The peroxide content is positively correlated with oxidative susceptibility of oils used to prepare the emulsions. α- and β-carotene added to an emulsion unify the process of oxidation running in the emulsion. Carotenoids are significantly more prone to oxidation than fatty acids bound in triacylglycerides [49]. Consequently, carotenoid hydro-peroxides (of similar reactivity) dominated the emulsion lipid phase. Therefore, it seems that the rate of oil oxidation determines the LOOH value in the lipid phase of the emulsion containing carotenoids. The presence of carotenoids decreased the rate at which LOOH was produced during storage (similar observations were reported by Kiokias and Gordon [49]). The most commonly encountered explanation involves the anti-oxidative potential of β-carotene. It should be, however, kept in mind that carotenoids are more prone to oxidation than fatty acids and might show pro-oxidative potency due to the generation of free radicals that subsequently catalyze the oxidation of the oils [28, 43, 50, 54, 55].

Chemiluminescence

Figure 6 shows the time evolution of chemiluminescence intensity (CI) observed during 12 weeks of refrigerated storage of the studied emulsions. In each case, CI increased with storage time. However, CI dynamics depended on emulsion type: the CI changed more in linseed oil-based emulsions than in rapeseed oil-based ones, the changes were the smallest in emulsion containing palm olein. Differences between final CI intensities in various emulsions were statistically significant: CI ≈ 4.4/3.9/3.1 × 105 for linseed oil/rapeseed oil/palm olein emulsions, respectively.

Fig. 6
figure 6

Changes in the intensity of the chemiluminescence (CI) of the concentrated beverage emulsions during storage at 2 °C

Figure 7 shows the time evolution of CI observed during 12 week of refrigerated storage of the studied concentrated beverage emulsions containing a fixed amount of carotenoid preparation. Within the storage time, a statistically significant increase in CI was observed in all cases. CI increased at the highest rate in the rapeseed emulsion, at a somewhat slower rate in the linseed emulsion, and at the slowest rate in the palm olein emulsion. After 12 weeks of storage, the highest (statistically identical) CI values were determined for the linseed and rapeseed emulsions (≈3.4 and 3.5 × 105, respectively). A statistically lower CI ≈ 3.1 × 105 value was observed only for the palm olein-based emulsion.

Fig. 7
figure 7

Changes in the chemiluminescence intensity of the concentrated beverage emulsions prepared with α- and β-carotene addition stored at 2 °C

The chemiluminescence reaction applied for the purpose of this study was characterized by a strong photon emission. In our previous papers, we showed that a strong linear correlation between the number of emitted light photons and the peroxide value of the vegetable oils oxidized at 70 °C existed [47, 52, 53].

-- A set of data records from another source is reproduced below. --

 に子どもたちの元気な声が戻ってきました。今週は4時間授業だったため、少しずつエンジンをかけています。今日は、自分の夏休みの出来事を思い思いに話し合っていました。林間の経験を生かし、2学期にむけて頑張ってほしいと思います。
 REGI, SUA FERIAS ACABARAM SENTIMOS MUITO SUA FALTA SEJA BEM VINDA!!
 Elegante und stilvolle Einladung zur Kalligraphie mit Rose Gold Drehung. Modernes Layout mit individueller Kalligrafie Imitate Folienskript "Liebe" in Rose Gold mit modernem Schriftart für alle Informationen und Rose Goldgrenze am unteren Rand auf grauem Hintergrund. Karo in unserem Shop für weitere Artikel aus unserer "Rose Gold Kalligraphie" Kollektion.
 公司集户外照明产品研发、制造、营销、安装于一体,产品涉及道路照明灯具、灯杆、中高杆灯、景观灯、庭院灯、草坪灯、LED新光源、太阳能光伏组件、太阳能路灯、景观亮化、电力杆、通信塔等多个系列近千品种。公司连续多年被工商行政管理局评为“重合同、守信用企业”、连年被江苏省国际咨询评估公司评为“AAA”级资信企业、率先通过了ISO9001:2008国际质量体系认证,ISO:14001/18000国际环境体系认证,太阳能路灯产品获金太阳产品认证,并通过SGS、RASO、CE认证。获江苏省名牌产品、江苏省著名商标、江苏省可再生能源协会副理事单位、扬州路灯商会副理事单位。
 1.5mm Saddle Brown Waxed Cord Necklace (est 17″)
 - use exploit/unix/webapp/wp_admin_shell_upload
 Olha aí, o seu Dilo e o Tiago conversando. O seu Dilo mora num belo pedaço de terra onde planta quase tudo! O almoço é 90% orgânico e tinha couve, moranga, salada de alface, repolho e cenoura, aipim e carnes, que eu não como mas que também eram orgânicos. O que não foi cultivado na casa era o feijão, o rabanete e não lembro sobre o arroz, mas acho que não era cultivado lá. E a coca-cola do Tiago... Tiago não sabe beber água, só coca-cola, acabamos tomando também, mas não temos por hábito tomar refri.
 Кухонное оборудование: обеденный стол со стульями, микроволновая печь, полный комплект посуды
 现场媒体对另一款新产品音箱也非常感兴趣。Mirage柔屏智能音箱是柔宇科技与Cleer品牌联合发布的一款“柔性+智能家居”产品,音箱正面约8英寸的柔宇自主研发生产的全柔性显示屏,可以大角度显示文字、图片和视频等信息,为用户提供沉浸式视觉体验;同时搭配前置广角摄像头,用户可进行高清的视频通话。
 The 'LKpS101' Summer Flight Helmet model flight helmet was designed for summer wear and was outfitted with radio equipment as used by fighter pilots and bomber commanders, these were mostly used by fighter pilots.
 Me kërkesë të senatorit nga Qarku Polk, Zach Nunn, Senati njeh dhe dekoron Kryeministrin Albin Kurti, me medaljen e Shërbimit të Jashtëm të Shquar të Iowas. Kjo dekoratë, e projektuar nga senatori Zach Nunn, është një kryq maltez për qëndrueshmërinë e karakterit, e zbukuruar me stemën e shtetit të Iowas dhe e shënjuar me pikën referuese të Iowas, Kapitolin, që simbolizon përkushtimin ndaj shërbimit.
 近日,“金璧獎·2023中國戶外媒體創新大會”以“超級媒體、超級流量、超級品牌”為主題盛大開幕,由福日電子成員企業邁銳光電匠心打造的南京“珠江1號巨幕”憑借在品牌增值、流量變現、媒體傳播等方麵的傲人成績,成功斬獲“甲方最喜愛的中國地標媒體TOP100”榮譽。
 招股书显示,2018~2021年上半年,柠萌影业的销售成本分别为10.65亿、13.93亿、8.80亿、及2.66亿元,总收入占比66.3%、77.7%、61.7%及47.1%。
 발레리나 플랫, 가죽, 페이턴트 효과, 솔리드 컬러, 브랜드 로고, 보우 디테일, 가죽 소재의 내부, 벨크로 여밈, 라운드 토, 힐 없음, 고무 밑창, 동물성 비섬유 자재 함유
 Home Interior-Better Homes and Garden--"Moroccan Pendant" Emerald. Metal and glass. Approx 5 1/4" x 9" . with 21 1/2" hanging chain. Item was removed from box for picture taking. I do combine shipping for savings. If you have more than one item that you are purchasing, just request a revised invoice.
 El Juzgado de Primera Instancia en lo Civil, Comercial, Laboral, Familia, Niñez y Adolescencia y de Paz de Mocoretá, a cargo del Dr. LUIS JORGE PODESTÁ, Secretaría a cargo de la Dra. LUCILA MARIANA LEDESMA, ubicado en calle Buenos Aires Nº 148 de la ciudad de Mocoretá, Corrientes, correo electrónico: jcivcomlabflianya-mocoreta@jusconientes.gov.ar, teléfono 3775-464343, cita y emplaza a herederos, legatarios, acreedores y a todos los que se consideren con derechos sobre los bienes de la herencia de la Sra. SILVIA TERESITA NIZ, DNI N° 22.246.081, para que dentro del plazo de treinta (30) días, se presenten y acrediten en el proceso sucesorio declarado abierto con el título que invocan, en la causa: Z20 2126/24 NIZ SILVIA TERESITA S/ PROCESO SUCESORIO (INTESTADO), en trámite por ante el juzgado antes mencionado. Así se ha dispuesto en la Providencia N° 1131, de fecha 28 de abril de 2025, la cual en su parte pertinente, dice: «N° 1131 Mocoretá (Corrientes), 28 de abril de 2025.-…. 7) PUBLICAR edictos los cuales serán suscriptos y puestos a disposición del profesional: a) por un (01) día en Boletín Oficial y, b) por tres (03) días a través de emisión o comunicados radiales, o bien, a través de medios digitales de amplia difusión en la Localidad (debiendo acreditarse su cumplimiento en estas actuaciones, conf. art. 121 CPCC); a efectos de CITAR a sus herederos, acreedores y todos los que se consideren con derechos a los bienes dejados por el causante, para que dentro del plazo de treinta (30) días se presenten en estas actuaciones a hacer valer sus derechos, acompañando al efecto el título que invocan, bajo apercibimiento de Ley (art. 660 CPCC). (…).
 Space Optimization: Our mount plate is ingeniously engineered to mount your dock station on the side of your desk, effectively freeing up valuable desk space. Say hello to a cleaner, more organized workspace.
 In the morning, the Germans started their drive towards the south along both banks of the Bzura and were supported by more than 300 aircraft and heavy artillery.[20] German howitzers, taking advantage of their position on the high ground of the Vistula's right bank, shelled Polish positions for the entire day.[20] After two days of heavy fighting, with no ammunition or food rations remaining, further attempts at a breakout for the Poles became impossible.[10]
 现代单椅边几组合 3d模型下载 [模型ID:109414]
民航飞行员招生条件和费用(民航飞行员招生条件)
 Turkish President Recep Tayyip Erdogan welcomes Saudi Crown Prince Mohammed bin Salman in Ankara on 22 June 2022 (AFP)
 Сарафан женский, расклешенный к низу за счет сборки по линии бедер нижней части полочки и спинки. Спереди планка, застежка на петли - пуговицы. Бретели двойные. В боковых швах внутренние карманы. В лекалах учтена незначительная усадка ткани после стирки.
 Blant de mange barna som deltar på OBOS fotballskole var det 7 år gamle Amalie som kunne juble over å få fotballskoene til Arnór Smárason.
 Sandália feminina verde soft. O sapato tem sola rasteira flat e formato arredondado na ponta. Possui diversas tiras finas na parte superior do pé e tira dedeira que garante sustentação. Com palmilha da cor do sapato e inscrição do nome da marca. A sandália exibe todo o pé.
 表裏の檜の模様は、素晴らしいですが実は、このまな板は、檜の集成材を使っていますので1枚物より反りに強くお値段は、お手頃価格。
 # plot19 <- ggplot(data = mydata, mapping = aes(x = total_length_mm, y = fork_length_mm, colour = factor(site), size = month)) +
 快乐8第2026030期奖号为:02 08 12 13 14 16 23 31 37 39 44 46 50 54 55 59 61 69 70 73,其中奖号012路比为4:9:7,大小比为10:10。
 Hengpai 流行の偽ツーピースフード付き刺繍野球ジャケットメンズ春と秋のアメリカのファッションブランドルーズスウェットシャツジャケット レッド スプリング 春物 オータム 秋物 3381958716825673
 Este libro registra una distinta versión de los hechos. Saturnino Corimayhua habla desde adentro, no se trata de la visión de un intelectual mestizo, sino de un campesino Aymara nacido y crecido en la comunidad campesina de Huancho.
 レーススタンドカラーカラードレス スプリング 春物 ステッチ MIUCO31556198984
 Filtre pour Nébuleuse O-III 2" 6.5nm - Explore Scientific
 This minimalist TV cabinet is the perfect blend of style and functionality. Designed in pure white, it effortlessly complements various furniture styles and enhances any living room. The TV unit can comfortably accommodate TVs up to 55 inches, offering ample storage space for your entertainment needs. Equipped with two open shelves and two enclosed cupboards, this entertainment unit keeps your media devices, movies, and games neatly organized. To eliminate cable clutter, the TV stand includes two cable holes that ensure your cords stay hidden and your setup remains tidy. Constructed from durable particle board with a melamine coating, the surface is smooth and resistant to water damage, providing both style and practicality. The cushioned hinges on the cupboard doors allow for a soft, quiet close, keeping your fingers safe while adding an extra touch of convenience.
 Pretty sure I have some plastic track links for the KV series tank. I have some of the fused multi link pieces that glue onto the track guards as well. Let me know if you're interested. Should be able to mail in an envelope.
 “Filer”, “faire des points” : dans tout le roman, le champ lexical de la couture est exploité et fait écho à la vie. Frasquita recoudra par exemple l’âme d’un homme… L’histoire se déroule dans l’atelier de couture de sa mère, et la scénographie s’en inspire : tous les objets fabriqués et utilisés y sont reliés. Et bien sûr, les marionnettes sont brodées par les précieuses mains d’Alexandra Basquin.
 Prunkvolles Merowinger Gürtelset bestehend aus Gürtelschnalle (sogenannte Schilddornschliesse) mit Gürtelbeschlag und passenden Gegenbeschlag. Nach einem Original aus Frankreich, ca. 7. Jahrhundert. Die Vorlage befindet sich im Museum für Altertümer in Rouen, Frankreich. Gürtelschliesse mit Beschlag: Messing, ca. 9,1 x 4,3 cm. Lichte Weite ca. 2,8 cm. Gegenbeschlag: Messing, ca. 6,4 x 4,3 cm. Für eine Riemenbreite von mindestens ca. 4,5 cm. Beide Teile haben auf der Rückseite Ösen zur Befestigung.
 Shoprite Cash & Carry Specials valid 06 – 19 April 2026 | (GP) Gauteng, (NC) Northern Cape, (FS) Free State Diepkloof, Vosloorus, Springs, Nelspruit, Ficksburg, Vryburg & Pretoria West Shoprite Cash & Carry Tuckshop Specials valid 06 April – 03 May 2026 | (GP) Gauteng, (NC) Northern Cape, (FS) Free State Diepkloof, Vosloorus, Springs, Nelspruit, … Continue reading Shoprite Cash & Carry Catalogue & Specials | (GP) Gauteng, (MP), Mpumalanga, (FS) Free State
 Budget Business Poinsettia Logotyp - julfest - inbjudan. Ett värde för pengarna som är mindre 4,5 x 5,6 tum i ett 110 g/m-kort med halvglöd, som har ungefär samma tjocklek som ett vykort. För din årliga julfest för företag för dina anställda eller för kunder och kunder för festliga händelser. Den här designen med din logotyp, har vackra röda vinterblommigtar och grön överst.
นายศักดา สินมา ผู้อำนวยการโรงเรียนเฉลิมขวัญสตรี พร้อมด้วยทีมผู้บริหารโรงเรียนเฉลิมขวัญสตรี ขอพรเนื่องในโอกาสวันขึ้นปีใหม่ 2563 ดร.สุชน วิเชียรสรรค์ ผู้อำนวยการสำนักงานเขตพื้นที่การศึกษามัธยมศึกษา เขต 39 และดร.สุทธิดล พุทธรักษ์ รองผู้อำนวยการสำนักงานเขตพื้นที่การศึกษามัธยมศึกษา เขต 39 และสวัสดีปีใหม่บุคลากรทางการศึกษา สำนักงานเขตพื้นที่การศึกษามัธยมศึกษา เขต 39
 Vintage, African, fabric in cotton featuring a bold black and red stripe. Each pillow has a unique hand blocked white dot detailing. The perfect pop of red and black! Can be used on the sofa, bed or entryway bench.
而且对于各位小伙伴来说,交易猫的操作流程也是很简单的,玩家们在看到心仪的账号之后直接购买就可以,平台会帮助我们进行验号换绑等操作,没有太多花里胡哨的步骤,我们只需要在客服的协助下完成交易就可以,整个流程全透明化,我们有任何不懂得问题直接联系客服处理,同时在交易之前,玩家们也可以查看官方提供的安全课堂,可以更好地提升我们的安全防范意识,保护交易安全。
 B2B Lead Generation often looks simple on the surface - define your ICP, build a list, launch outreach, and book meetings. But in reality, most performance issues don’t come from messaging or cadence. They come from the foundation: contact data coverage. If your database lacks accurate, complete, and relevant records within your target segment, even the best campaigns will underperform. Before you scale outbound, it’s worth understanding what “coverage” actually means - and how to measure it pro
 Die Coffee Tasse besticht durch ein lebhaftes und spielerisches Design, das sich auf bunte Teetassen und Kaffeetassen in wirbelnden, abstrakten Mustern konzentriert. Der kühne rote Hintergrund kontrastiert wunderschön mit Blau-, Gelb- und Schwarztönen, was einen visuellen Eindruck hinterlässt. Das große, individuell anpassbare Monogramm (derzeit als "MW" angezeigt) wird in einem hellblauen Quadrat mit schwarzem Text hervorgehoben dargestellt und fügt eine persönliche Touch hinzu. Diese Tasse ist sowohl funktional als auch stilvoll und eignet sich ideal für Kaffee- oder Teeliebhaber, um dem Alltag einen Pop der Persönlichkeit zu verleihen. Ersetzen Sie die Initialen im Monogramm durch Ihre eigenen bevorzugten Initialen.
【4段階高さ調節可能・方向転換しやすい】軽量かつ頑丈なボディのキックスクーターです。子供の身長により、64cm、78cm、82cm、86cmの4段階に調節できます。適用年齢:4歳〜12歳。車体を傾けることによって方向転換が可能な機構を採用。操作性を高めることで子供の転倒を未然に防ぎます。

The results of chemiluminescence determinations obtained for the concentrated beverage emulsions are similar to those obtained for the peroxide value evaluated with a standard method. Chemiluminescence increased during storage of emulsions prepared both with and without carotenoids. The CI value—just like the peroxide value—increased at a slower rate and reached a smaller final value in emulsions with dye than in emulsions without carotenoids.

Summary

The oxidative stability of carotenoids dissolved in the emulsion lipid phase depends on the type of oil used to prepare the emulsion. Results of this study indicate that rapeseed oil and palm olein may be a better choice than linseed oil if stable concentrated beverage emulsions are to be prepared. The chemiluminescence technique/reaction proposed in this study seems to be a versatile tool to monitor the degradation of lipids in the emulsified phase. Results obtained by means of lipid hydro-peroxide determination agreed with results obtained with the faster and simpler proposed chemiluminescence-based method. The process of oxidation of lipid fractions in O/W emulsions seems to run linearly with time. The rate depends on the composition on the lipid phase; carotenoid additives increase the rate. If a carotenoid-containing emulsion is to be stable, it should be based on oils with a high oxidative stability.